● **Material provided**
+ + + + +
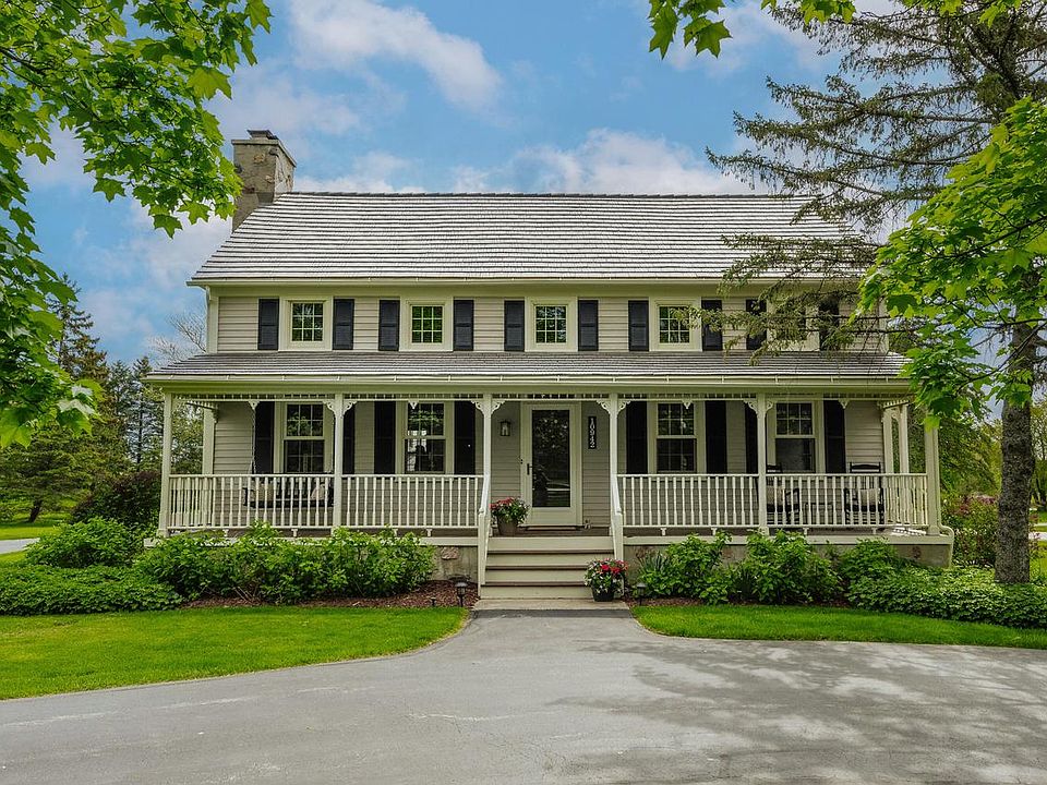 Welcoming front porch is the invitation to this updated historic house in desirable Gebhardt Farms! Reclaimed wide plank wood floors throughout this gem. Living room boasts, reclaimed barn beams, stone natural fireplace & wet bar. Enjoy spacious dining room w/leaded transom windows & a door leading to side yard. Pristine kitchen has durable silestone counters & stainless steel appliances. Main floor also features, den/office w/bay window, laundry room & updated powder room. Primary suite along w/ 2 other bedrooms & updated baths complete the 2nd floor. The large lower family room w/custom built-ins adds even more value. Relax on almost 3/4 of an acre of professionally landscaped yard w/a deck. New roof('22), exterior paint('23) & many more updates! This is THE quintessential farmhouse!
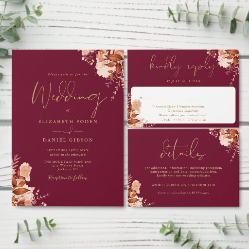 Rustic Burgundy And Gold Floral Fall Wedding SuiteDesigned by Thisisnotme Designs
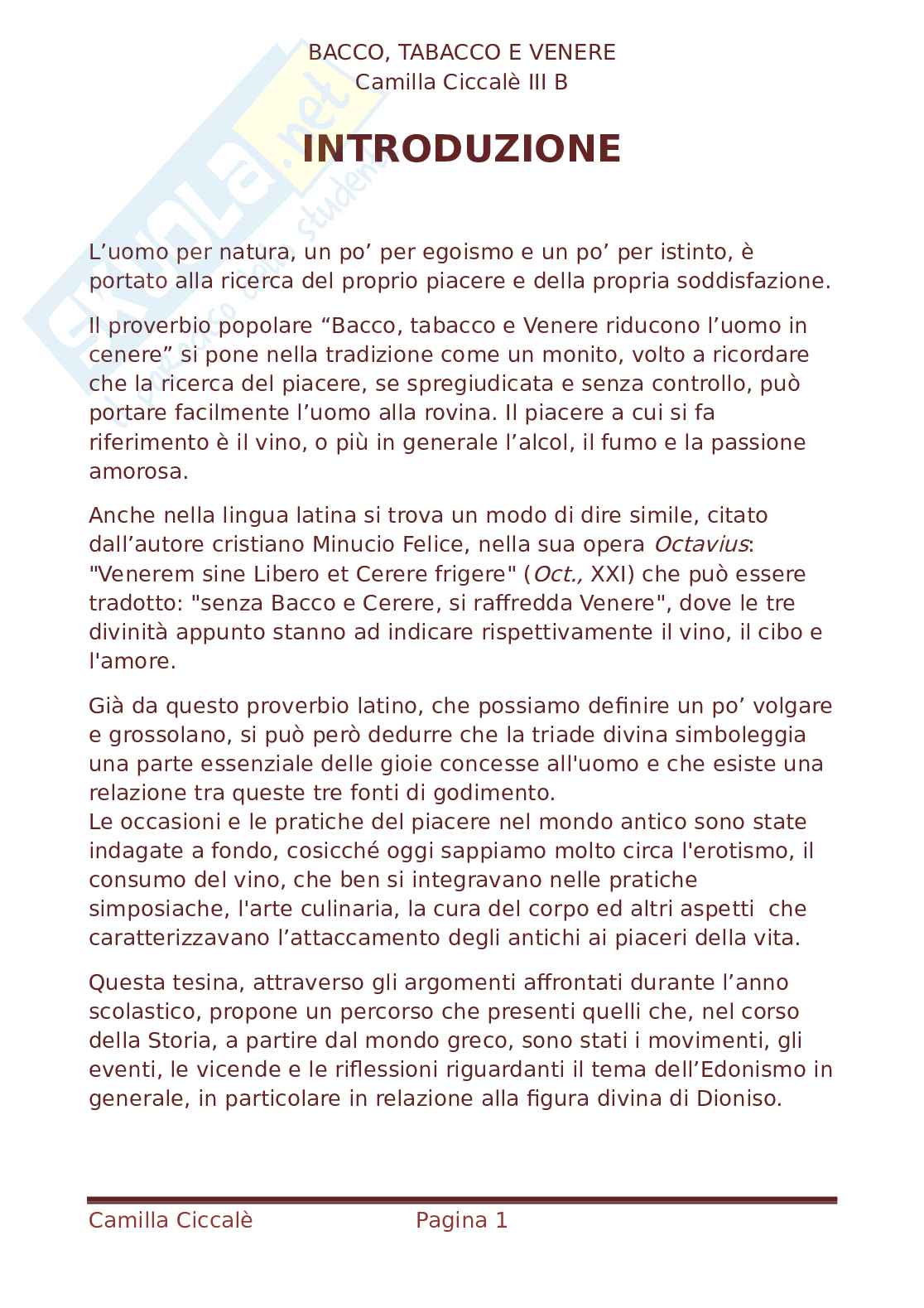 La mia tesina verte sull'edonismo. L’uomo per natura, un po’ per egoismo e un po’ per istinto, è portato alla ricerca del proprio piacere e della propria soddisfazione. Il proverbio popolare “Bacco, tabacco e Venere riducono l’uomo in cenere” si pone nella tradizione come un monito, volto a ricordare che la ricerca del piacere, se spregiudicata e senza controllo, può portare facilmente l’uomo alla rovina. Il piacere a cui si fa riferimento è il vino, o più in generale l’alcol, il fumo e la passione amorosa.Anche nella lingua latina si trova un modo di dire simile, citato dall’autore cristiano Minucio Felice, nella sua opera Octavius: "Venerem sine Libero et Cerere frigere" (Oct., XXI) che può essere tradotto: "senza Bacco e Cerere, si raffredda Venere", dove le tre divinità appunto stanno ad indicare rispettivamente il vino, il cibo e l'amore.
+ + + + +
● **Directions**
Excluding images, output exactly the lines from the one that holds "Rustic Burgundy And" through the final line of the material, both ends included.

● **Answer space**
 Rustic Burgundy And Gold Floral Fall Wedding SuiteDesigned by Thisisnotme Designs
 La mia tesina verte sull'edonismo. L’uomo per natura, un po’ per egoismo e un po’ per istinto, è portato alla ricerca del proprio piacere e della propria soddisfazione. Il proverbio popolare “Bacco, tabacco e Venere riducono l’uomo in cenere” si pone nella tradizione come un monito, volto a ricordare che la ricerca del piacere, se spregiudicata e senza controllo, può portare facilmente l’uomo alla rovina. Il piacere a cui si fa riferimento è il vino, o più in generale l’alcol, il fumo e la passione amorosa.Anche nella lingua latina si trova un modo di dire simile, citato dall’autore cristiano Minucio Felice, nella sua opera Octavius: "Venerem sine Libero et Cerere frigere" (Oct., XXI) che può essere tradotto: "senza Bacco e Cerere, si raffredda Venere", dove le tre divinità appunto stanno ad indicare rispettivamente il vino, il cibo e l'amore.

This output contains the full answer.